### [Source data]
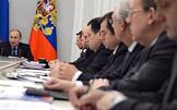 Совещание по экономическим вопросам. Слева направо: председатель правительства России Дмитрий Медведев, руководитель администрации Президента России Сергей Иванов, заместитель председателя Правительства России Аркадий Дворкович, министр финансов России Антон Силуанов, председатель комитета Государственной думы России по бюджету и налогам Андрей Макаров, советник президента России Сергей Глазьев, председатель совета директоров МДМ-Банка Олег Вьюгин, председатель Комитета гражданских инициатив Алексей Кудрин в резиденции "Бочаров ручей-2".
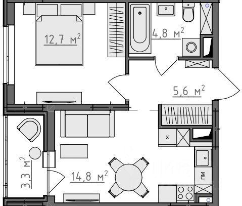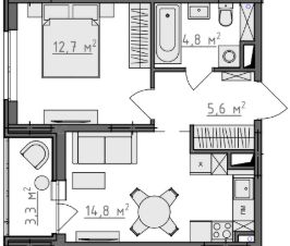 Продается 1-комнатная квартира 282 в Квартале "Новаторов" комфорт-класса.
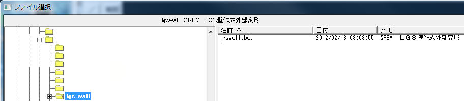 ダウンロードした【lgswall.lzh】を解凍します。【lgswall.bat】、【lgswall.dat】、【lgswall.exe】 、【lgswall.dat】、【lgsdata】(フォルダ)のファイルが出来ます。これらのファイルを、任意のフォルダ(名前の中に空白を含まない)に移動します。 |

### [Work request]
Return the material word for word, images omitted.

### [Solved exercise]
 Совещание по экономическим вопросам. Слева направо: председатель правительства России Дмитрий Медведев, руководитель администрации Президента России Сергей Иванов, заместитель председателя Правительства России Аркадий Дворкович, министр финансов России Антон Силуанов, председатель комитета Государственной думы России по бюджету и налогам Андрей Макаров, советник президента России Сергей Глазьев, председатель совета директоров МДМ-Банка Олег Вьюгин, председатель Комитета гражданских инициатив Алексей Кудрин в резиденции "Бочаров ручей-2".
 Продается 1-комнатная квартира 282 в Квартале "Новаторов" комфорт-класса.
 ダウンロードした【lgswall.lzh】を解凍します。【lgswall.bat】、【lgswall.dat】、【lgswall.exe】 、【lgswall.dat】、【lgsdata】(フォルダ)のファイルが出来ます。これらのファイルを、任意のフォルダ(名前の中に空白を含まない)に移動します。 |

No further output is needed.